Figure 5. Retromer and arrestin regulate PTH-mediated cAMP production in bone cells.
a, Averaged cAMP response measured by FRET changes in ROS17/2.8 cells expressing either epacCFP/YFP alone or co-expressing epacCFP/YFP with either β-arrestin1[IV-AA]tom or Vps26 and Vps29. Cells were treated with control buffer or a brief challenge of 100 nM PTH(1–34) (arrow). Data represent the mean ± s.e.m. of N = 4 independent experiments and n = 20 cells.
b, Expression level of wild-type β-arrestin1 influences cAMP signaling. ROS cells co-transfected with epacCFP/YFP and β-arrestin1tom were challenged with PTH (100 nM) as in (a) and time-courses of cAMP response were measured as described in Figure 1. Integrated signaling was estimated by summing the area under the curve from 0–15 min after ligand challenge. Arrestin expression levels were estimated by epifluorescence imaging of tdTomato fluorescence. Integrated cAMP values were then binned according to arrestin expression level and plotted as averages (mean ± s.e.m. N = 4 independent experiments). The dotted line represents the 95% confidence interval.

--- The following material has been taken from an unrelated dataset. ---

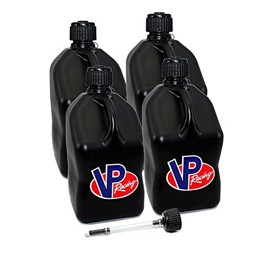 4 Pack VP 5 Gallon Square Black Racing Utility Jugs with Extra Cap & Deluxe Filler Hose
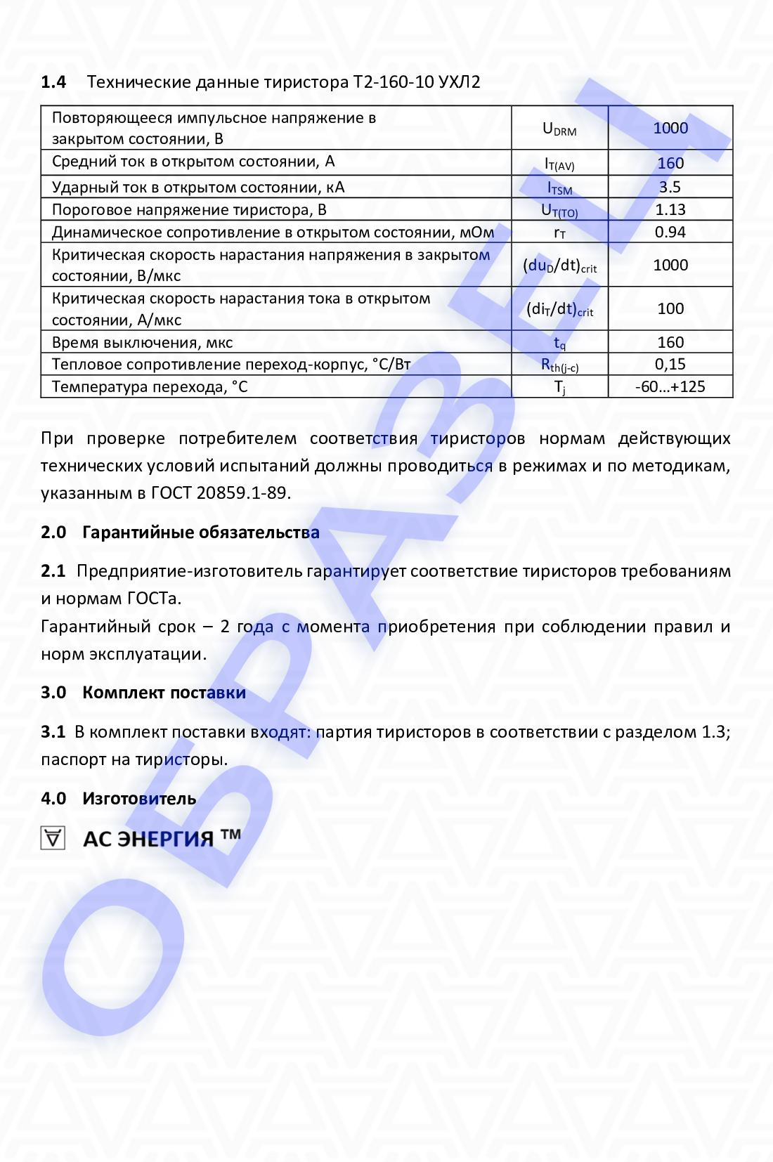 Окончательная цена на тиристоры Т2-160 зависит от класса, количества, сроков поставки, производителя, страны происхождения и формы оплаты.

c, The total PTH-induced cAMP responses for experiments represented in the Supplementary Figure 6 were determined by measuring the area under the curve from 0–10 min. Bars represent the mean ± s.e.m. of N = 4 independent experiments and n = 12 (control), n = 14 (U0126), n = 15 (rolipram), and n = 20 (βarr1[IV-AA]) cells.
d, Representative Western blots of time courses of ERK1/2 activation in ROS 17/2.8 cells control (Ctrl) or transiently transfected to express βarr1[IV-AA] in response to 100 nM PTH(1–34). The data are the mean ± s.e.m. of N = 3 separate experiments; Statistical comparison of the curves was performed by a two-way ANOVA (***, P < 0.001).